DAVAO CITY—For the first time, people in the coastal towns of Davao Oriental saw for themselves what a typhoon was like.

“Even from the sound alone, it seemed like the wind wanted to eat us alive,” said Juvy Tanio, assistant of Mayor Michelle Rabat of Mati City in Davao Oriental.

Except for the Surigao provinces that  face the Pacific Ocean, the rest of Mindanao is not often visited by storms, with only six typhoons making landfall in the area in the past 15 years, according to data from the US Joint Typhoon Warning Center compiled by The Manila Observatory.

Tanio said he was surprised to find the roofs of houses in the neighborhood were gone and trees knocked down.

“So, that’s what a typhoon is like,” said Tanio, who said it was his first time to experience being in the midst of a typhoon.

Between 1945 and 2010, only 35 typhoons made landfall in Mindanao, or about one every two years. An average of 20 storms or typhoons hit the country each year.

In September 1984, Supertyphoon “Nitang” (international name: “Ike”) battered Mindanao, with wind speeds of up to 220 kilometers per hour, the worst typhoon to hit the island in recent memory. Nitang killed more than 1,300 people.

Mindanao’s location near the equator makes it less likely to be hit by typhoons, according to experts. That was when global warming had not ushered in stronger typhoons in the country over the past few years and somehow pushed down the paths of certain storms down to the Visayas and Mindanao.

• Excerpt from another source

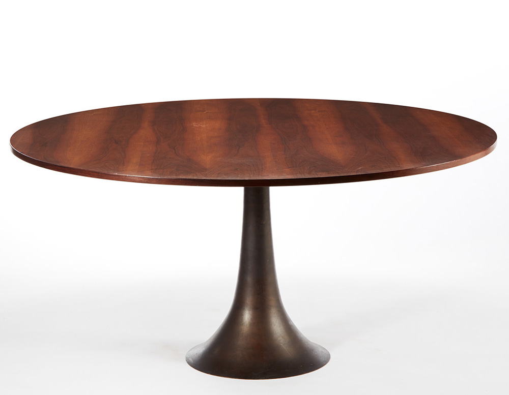 Angelo Mangiarotti (Milano 1921 - Milano 2012) Tavolo modello "302". Produzione Bernini, Milano 1961. Basamento in fusione di Bronzo tornita, piano impiallacciato e lastronato in legno (d cm 150, h cm 73) (lievi difetti) Bibliografia: "Domus", n. 400, marzo 1963, pubblicità; I. De Guttry, M. P. Maino, Il moble italiano degli anni Quaranta e Cinquanta, Laterza, Roma-Bari 1992, pp. 200-201 Table model "302". Production Bernini, Milano 1961. Bronze cast base, veneered top (d cm 150, h cm 73) (minor defects) Bibliography: "Domus", n. 400, marzo 1963, pubblicità; I. De Guttry, M. P. Maino, Il moble italiano degli anni Quaranta e Cinquanta, Laterza, Roma-Bari 1992, pp. 200-201

In December last year, Tropical Storm “Sendong” killed at least 1,268 people in Northern Mindanao and the Visayas, mostly in Cagayan de Oro and Iligan City. Most of the fatalities, who lived along waterways, drowned.

Never-heard sound

Tanio said people were still grumbling on Monday afternoon because it was “too hot.” It never felt like there was an approaching typhoon. Rain fell during the night. The nightmare started before dawn Tuesday.

“When the wind started to howl at 3 a.m., nobody dared to speak,” Tanio said. “Everyone was so quiet, we never heard that sound before.”

Davao Oriental’s Tarragona town, which faces the Pacific Ocean, was among those badly battered when the typhoon made landfall Tuesday morning, forcing the evacuation of close to 300 families.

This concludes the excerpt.